Minha barriga doía de tanto rir.
⏤ Isso não é engraçado, cara. Todos vocês tem nomes bonitinhos, agora, olha pra mim. Tenho nome de sei lá, um açougueiro.
⏤ E o que tem de errado em ter nome de açougueiro? ⏤ Pope dá corda.
⏤ Não vendo carne, só amasso. ⏤ JJ faz um gesto obsceno.
E nos cagamos de rir novamente."
Sinto falta dele.
Sinto muita falta dele.
Me agacho ao lado do seu túmulo, já notando minha visão embaçada pelas minhas lágrimas. Ele sabia como eu não era um cara de chorar fácil, mas era ele, não é? Não me julgaria por chorar num momento difícil. Talvez caçoaria da minha fragilidade por ele. Provavelmente me apelidaria de maricona ou coisa do tipo. Ele tinha um espírito forte de quinta série dentro de si.
⏤ Acha que vou perdoa-lo por ter aparecido pra minha namorada antes de mim? Isso não vai rolar, cara ⏤ brinco e acabo dando uma risada fraca, como se ele pudesse me escutar. ⏤ Ela te odiava no começo, eu nunca te odiei. Quer dizer, só as vezes, tipo quando você roubava as minhas camisas e sempre as sujava. Você tinha uma mania horrível de ser desastrado e derramar café nas minhas blusas de marca.
Observo como o céu está azul hoje. Tão limpo quanto a cor de seus olhos.
⏤ Porra, hoje seria um dia perfeito pra passarmos o dia na praia e quando voltássemos, a ceia de Natal toda estaria pronta. O Pope provavelmente se entreteria mais em cozinhar do que encher a cara na ateia com a gente, o John B virou o chicletinho da Sarah e a Avery, Kiara e minha irmã também prefeririam preparar pratos bons até a hora que fosse possível. Você sabe que eu sou um merda na cozinha, você também era, de qualquer jeito.
Respiro fundo e passo os dedos pelo seu nome lapidado.
⏤ Ganhamos o Frozen Four, sabia? Você vivia falando dessa merda o ano inteiro. Sua ida abalou todo mundo, mas eu me senti na obrigação de vencer isso por você. Cara, um dos caras do Bruins entrou em contato comigo. Tem noção que no próximo ano, estarei jogando na porra da Liga do Hóquei? É nosso sonho desde sempre, cacete.
Me pego com um sorriso idiota no rosto. Seja lá de onde JJ esteja, ele deve estar rindo demais da minha cara por ser alguém tão emotivo.

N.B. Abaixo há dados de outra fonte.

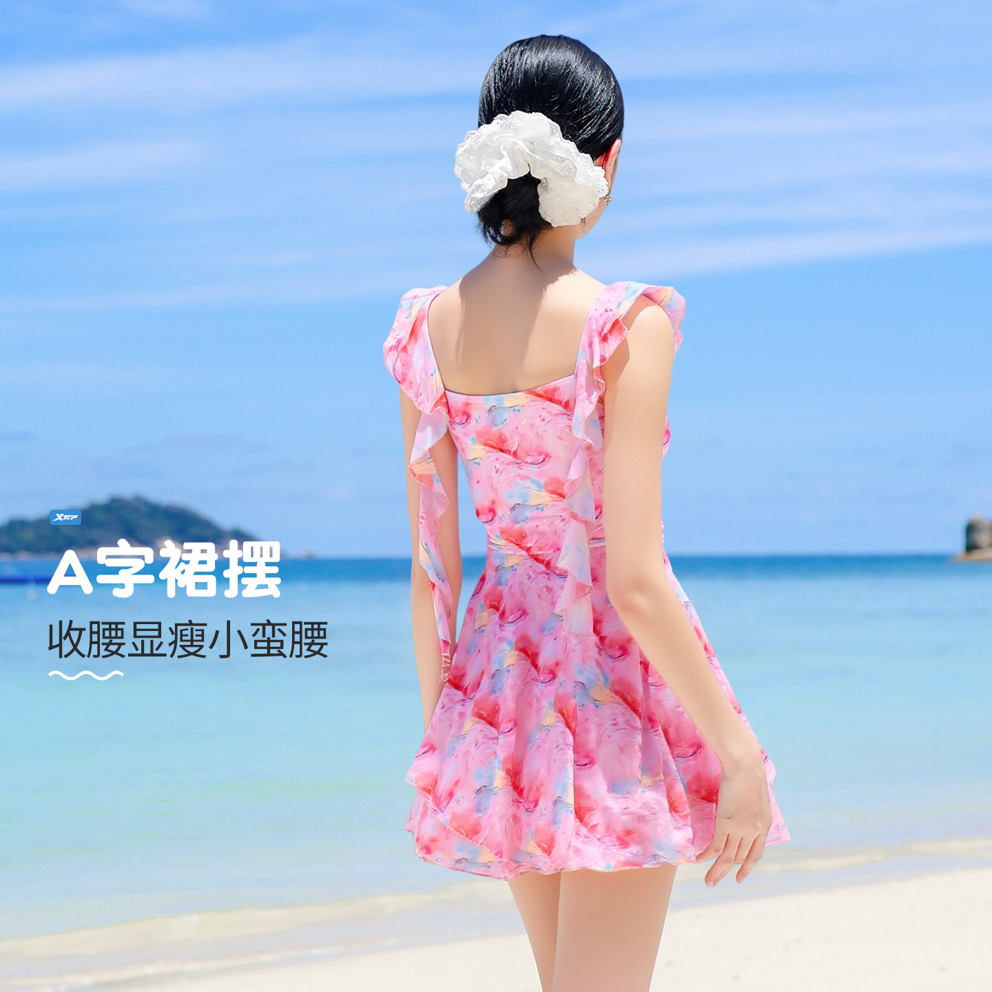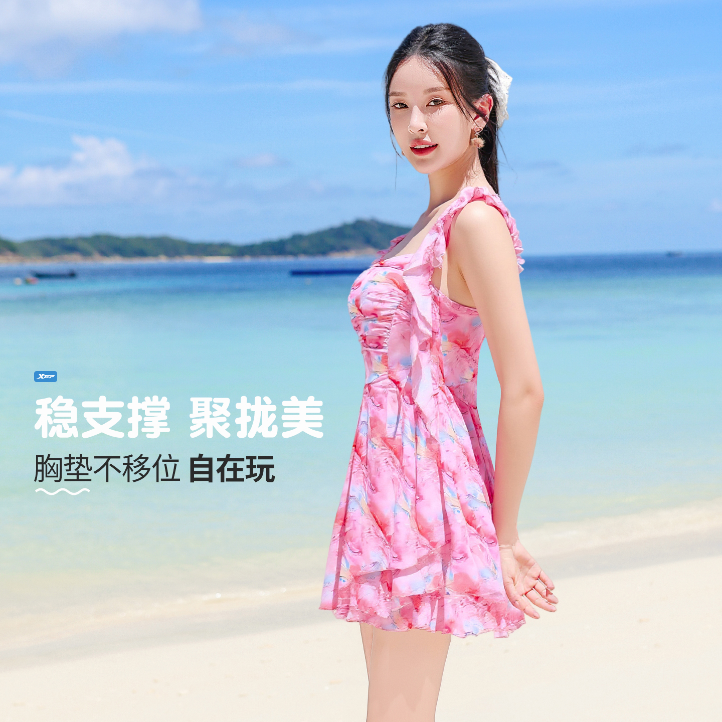 鸿星尔克泳衣女新款 连体保守平角遮肚显瘦初中生专业运动游泳馆装

⏤ Hum... Avery e eu estamos namorando. Eu tô feliz. Na real, nunca estive tão feliz quando estou agora. Nunca me senti tão livre, cara. É surreal. Não me julgue por ela ter dado na sua cara e eu não ter te defendido naquele dia, mas você sabe que tava errado. Não compactuo com vacilação. ⏤ rio novamente, fitando a aliança brilhando no meu dedo.
Percebo as horas no meu relógio de pulso. Não posso me atrasar muito, afinal, ainda precisava ajudar o pessoal com o resto das coisas. Também não posso ser tão egoísta. Afinal, à noite, eu iria comer igual um desgraçado.
⏤ A noite não vai ser a mesma sem você aqui. Nenhum lugar é o mesmo sem você presente, irmão. Espero que você esteja comemorando o feriado de onde você esteja. ⏤ sinto uma lágrima escorrendo. ⏤ Sinto saudade, cara.
E assim que eu passo os dedos por sua lápide novamente, não estou mais sozinho. Uma borboleta azul pousa bem ao lado de seu nome. Ela brilha tanto quanto o céu, tanto quanto os olhos de JJ, tanto quando o oceano que envolvia Honolulu.
Me lembro exatamente de suas palavras naquele recado que me mandou por telefone no dia que tudo aconteceu. Do seu sonho e dos possíveis significados. Então, sorrio. Sei que ele nunca vai me deixar sozinho em qualquer lugar que eu fosse, seja lá qual.
Até depois da vida.
☼
aquele >não< é o nome verídico do JJ.
o nome verdadeiro dele nunca foi citado
pelos autores e roteiristas da série.